Three hundred tenured professors at Florida Universities are randomly sampled and are asked: “On what day of the week were you born?” The results are in the table below. Assuming that each weekday has an equal theoretical probability, which day of the week has the most unusual observed frequency in this sample?
Day Sun Mon Tue Wed Thu Fri Sat
Count 36 42 60 42 57 30 33
To determine which day of the week has the most unusual observed frequency in this sample, we first need to calculate the expected frequency for each day of the week if the distribution was uniform (equal theoretical probability).

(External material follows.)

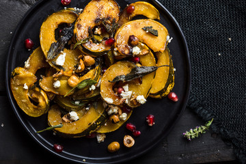 Roasted Butternut Squash topped Browned Sage and Pistachios on Dark Background
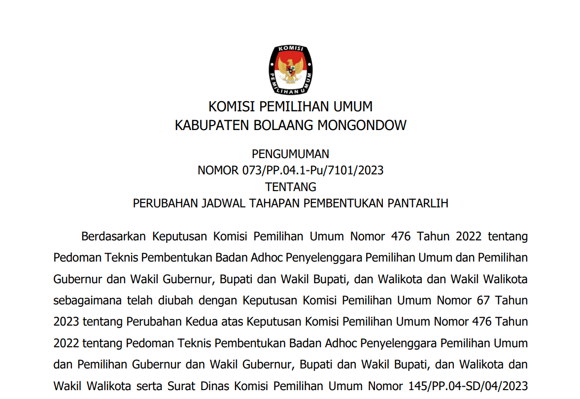 PENGUMUMAN PERUBAHAN JADWAL TAHAPAN PEMBENTUKAN PANTARLIH Minggu, 05 Februari 2023 09:00 90 PENGUMUMAN SELENGKAPNYA {KLIK DISINI} Bagikan: Dilihat 90 Kali.

There are 7 days in a week, so the expected frequency for each day of the week would be:
Expected Frequency = Total count / Number of days = 310 / 7 = 44.29
Now, we can compare the observed frequency with the expected frequency to see which day has the most unusual observed frequency.
For each day of the week:
- Sun: |36 - 44.29| = 8.29
- Mon: |42 - 44.29| = 2.29
- Tue: |60 - 44.29| = 15.71
- Wed: |42 - 44.29| = 2.29
- Thu: |57 - 44.29| = 12.71
- Fri: |30 - 44.29| = 14.29
- Sat: |33 - 44.29| = 11.29
The largest difference between observed and expected frequency is for Tuesday (15.71), making Tuesday the day of the week with the most unusual observed frequency in this sample.